Forecasting S&P 500 Using LSTM Models (2501.17366v1)

Abstract: With the volatile and complex nature of financial data influenced by external factors, forecasting the stock market is challenging. Traditional models such as ARIMA and GARCH perform well with linear data but struggle with non-linear dependencies. Machine learning and deep learning models, particularly Long Short-Term Memory (LSTM) networks, address these challenges by capturing intricate patterns and long-term dependencies. This report compares ARIMA and LSTM models in predicting the S&P 500 index, a major financial benchmark. Using historical price data and technical indicators, we evaluated these models using Mean Absolute Error (MAE) and Root Mean Squared Error (RMSE). The ARIMA model showed reasonable performance with an MAE of 462.1, RMSE of 614, and 89.8 percent accuracy, effectively capturing short-term trends but limited by its linear assumptions. The LSTM model, leveraging sequential processing capabilities, outperformed ARIMA with an MAE of 369.32, RMSE of 412.84, and 92.46 percent accuracy, capturing both short- and long-term dependencies. Notably, the LSTM model without additional features performed best, achieving an MAE of 175.9, RMSE of 207.34, and 96.41 percent accuracy, showcasing its ability to handle market data efficiently. Accurately predicting stock movements is crucial for investment strategies, risk assessments, and market stability. Our findings confirm the potential of deep learning models in handling volatile financial data compared to traditional ones. The results highlight the effectiveness of LSTM and suggest avenues for further improvements. This study provides insights into financial forecasting, offering a comparative analysis of ARIMA and LSTM while outlining their strengths and limitations.

• The paper demonstrates LSTM's superior performance over ARIMA, achieving up to 96.41% accuracy in S&P 500 forecasting.
• It employs a rigorous decade-long dataset with technical indicators and advanced preprocessing to capture complex market trends.
• The study raises methodological insights on model overfitting when using additional features, suggesting avenues for hybrid approaches.

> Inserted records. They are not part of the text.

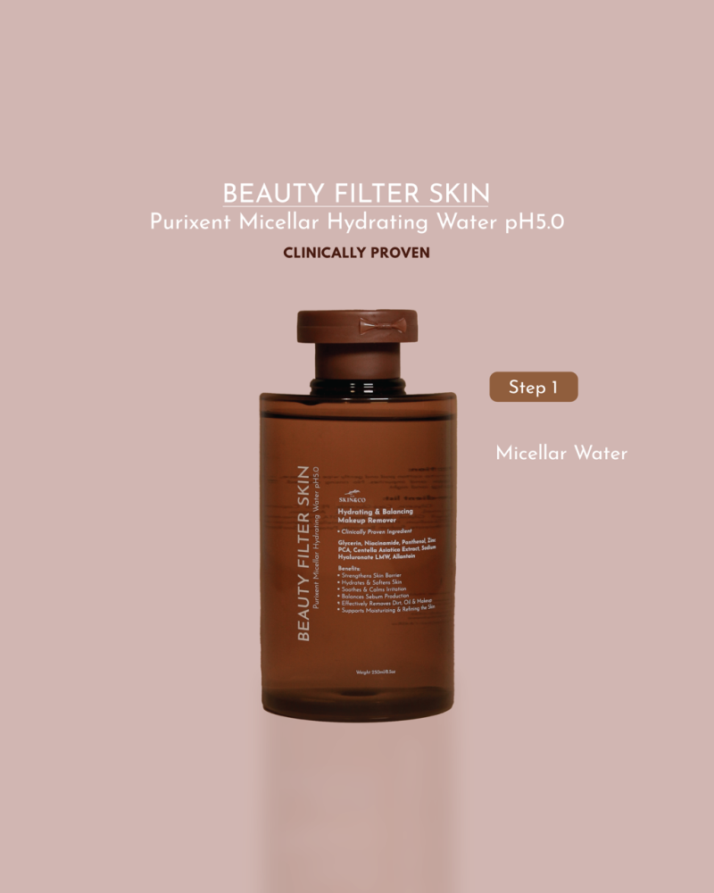MICELLAR WATER Purixent Hydrating Micellar Water pH5.0 The Skin Co. Pembersih Makeup Lembut & Seimbang | Kawal Minyak, Kurangkan Kemerahan & Kekalkan Kelembapan |Non-Comedogenic & Clinically Proven | Sesuai Untuk Semua Jenis Kulit | 250ml
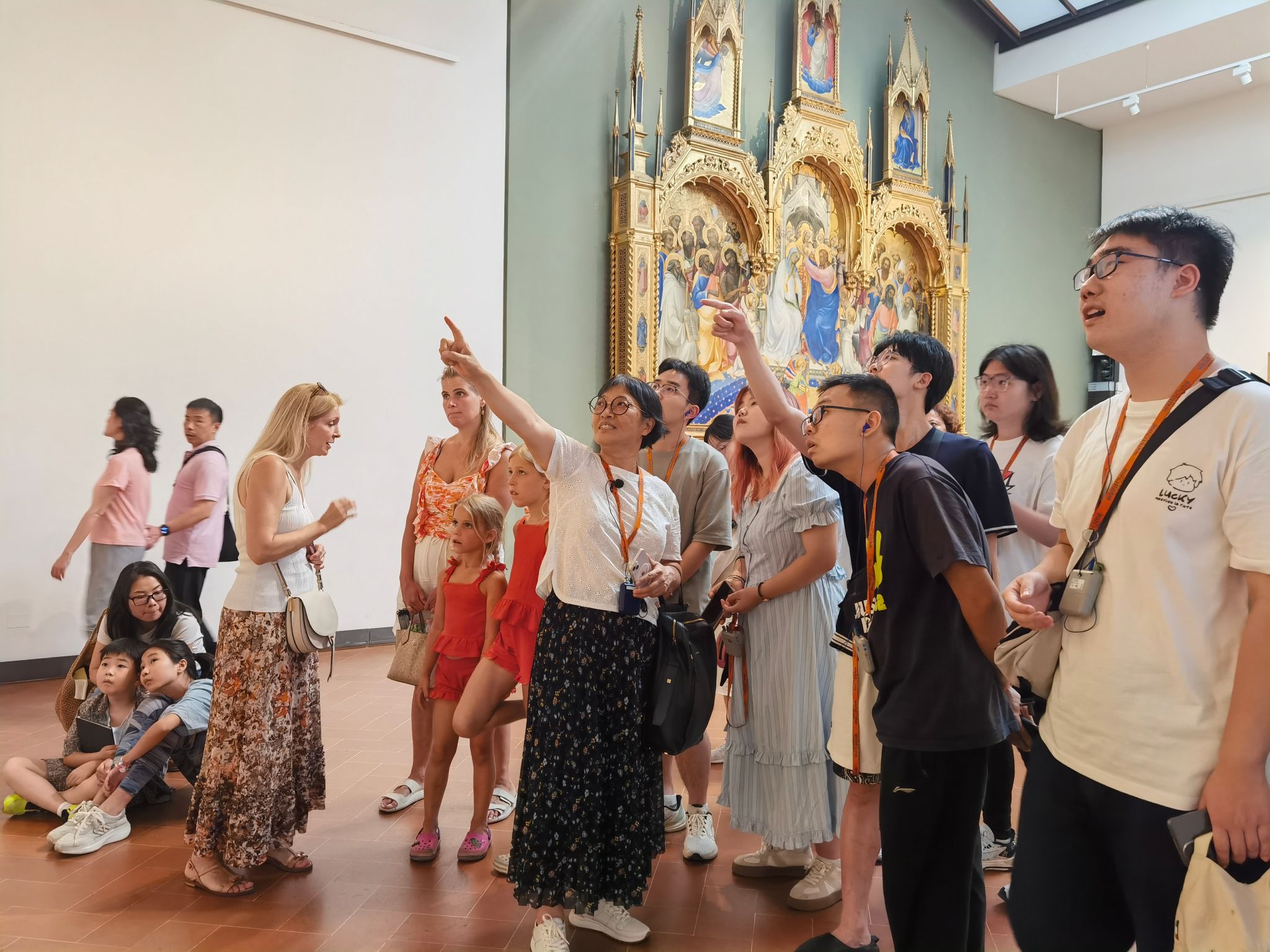 在佛罗伦萨,师生代表团跟随着意大利向导进行了一场别开生面的city walk。穿行在佛罗伦萨的街道,师生代表团体验了一场美妙的历史与艺术之旅。一路上建筑古迹庄严宏伟,让人印象深刻。在这里,大家体会到了建筑艺术的力量,它不仅仅是供人欣赏的美丽外壳,更是历史、文化和智慧的结晶。此外,在佛罗伦萨大学教授的带领下,同学们分批进入乌菲齐美术馆观摩学习,乌菲齐美术馆位于阿尔诺河畔,收藏了大量珍贵的文艺复兴时期艺术品。通过两位老师的讲解,同学们不仅欣赏到了这些伟大画作的艺术之美,还深入了解了文艺复兴时期的历史背景,跟随艺术家们对人类自身、自然与世界文明进行深刻思考。
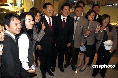 臺(tái)灣地區(qū)領(lǐng)導(dǎo)人當(dāng)選人馬英九上午拜會(huì)中國國民黨榮譽(yù)主席連戰(zhàn)。會(huì)后和工作人員與市民一起合影。中新社發(fā) 杜洋 攝

Evaluation of LSTM and ARIMA Models for Forecasting the S&P 500 Index

In the presented paper, Pilla and Mekonen rigorously examine the applicability of Long Short-Term Memory (LSTM) networks to the task of forecasting the S&P 500 index, a complex and seminal challenge within financial time series analysis. They juxtapose the performance of LSTM networks against that of traditional Autoregressive Integrated Moving Average (ARIMA) models.

Summary of Methods

The paper spans over a decade-long dataset from October 2013 to September 2024, inclusive of daily values for the S&P 500 index and a comprehensive array of technical indicators and macroeconomic factors. The LSTM model, characterized by its memory cells and gate structures, is designed to exploit both short- and long-term dependencies inherent in the temporal domain. It was analyzed in two configurations: with and without exogenous features. Conversely, ARIMA, a renowned statistical model well-suited for linear components of time series data, is deployed with optimal parameters selected via Auto-ARIMA.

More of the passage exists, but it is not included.